__What this task involves__:
Write the data out again, character for character, with no images.

Data below:

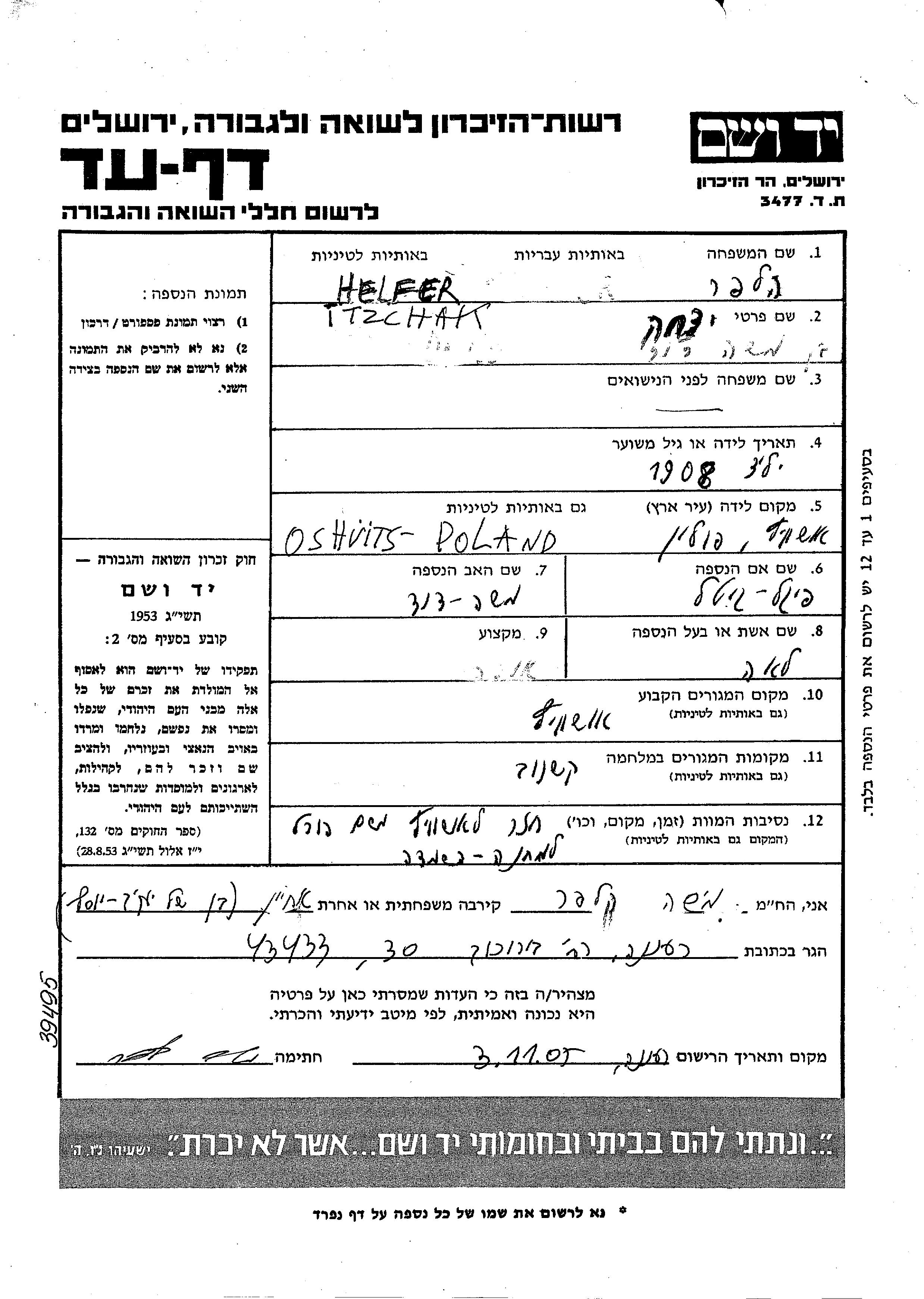 Helfer Itzchak 1908 Auschwitz, Pologne Feuille de témoignage
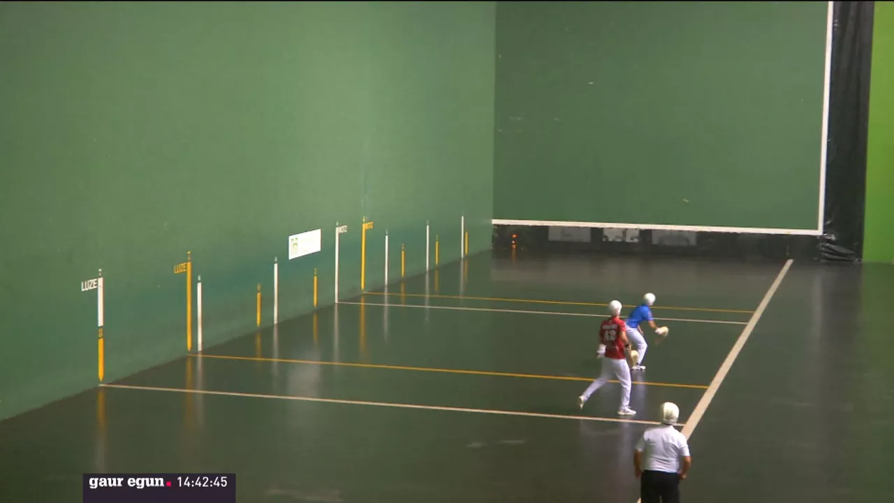 Jean Olharanek eta Gorka Sorozabalek 3 setetan menderatu dituzte Aritz Erkiaga eta Ion Ibarluzea (11-15, 15-8 eta 4-5). Hemen partidako azken tantoa.
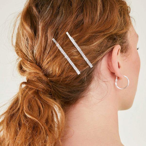 Accessorize London Silver Sparkle Diamante Hair Slides Set Of Two, ₹1,105
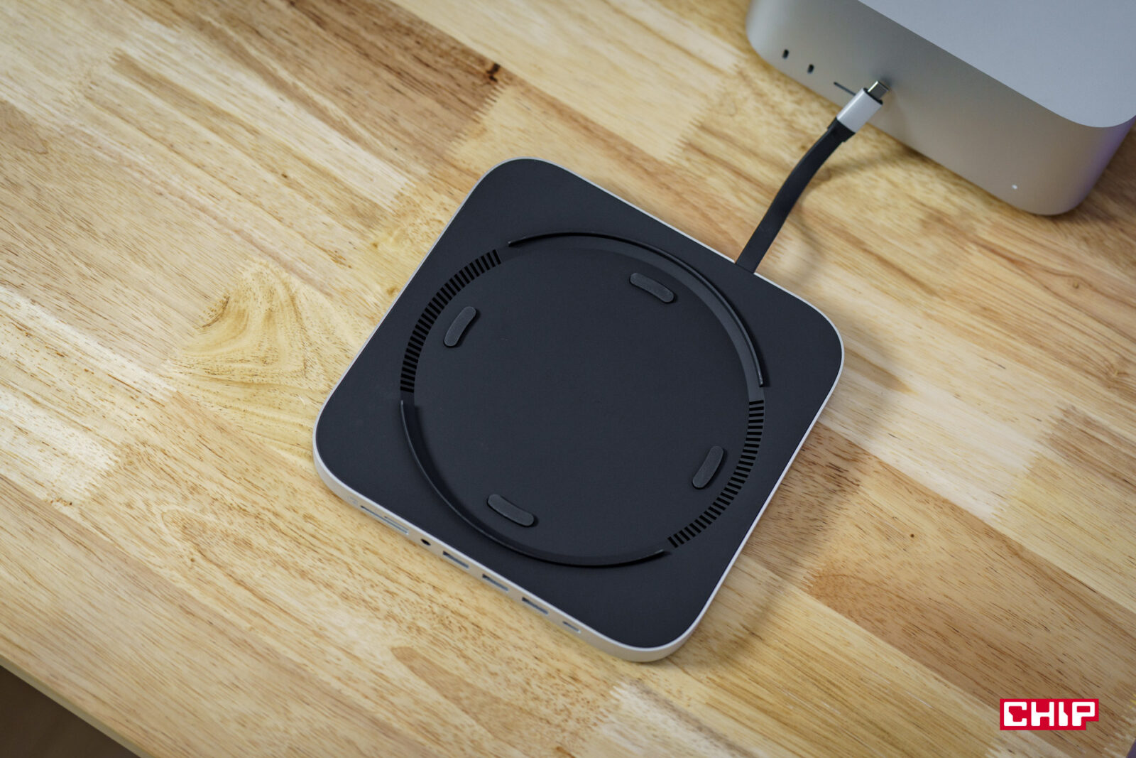 Hub nie sprawia problemów z przegrzewaniem. Aluminiowa konstrukcja skutecznie rozprasza ciepło, a podniesienie Mac Mini zapewnia lepszą wentylację. Po godzinach intensywnej pracy nie zauważyliśmy niepokojących temperatur.

End of Data.

__Answer box__:
 Helfer Itzchak 1908 Auschwitz, Pologne Feuille de témoignage
 Jean Olharanek eta Gorka Sorozabalek 3 setetan menderatu dituzte Aritz Erkiaga eta Ion Ibarluzea (11-15, 15-8 eta 4-5). Hemen partidako azken tantoa.
 Accessorize London Silver Sparkle Diamante Hair Slides Set Of Two, ₹1,105
 Hub nie sprawia problemów z przegrzewaniem. Aluminiowa konstrukcja skutecznie rozprasza ciepło, a podniesienie Mac Mini zapewnia lepszą wentylację. Po godzinach intensywnej pracy nie zauważyliśmy niepokojących temperatur.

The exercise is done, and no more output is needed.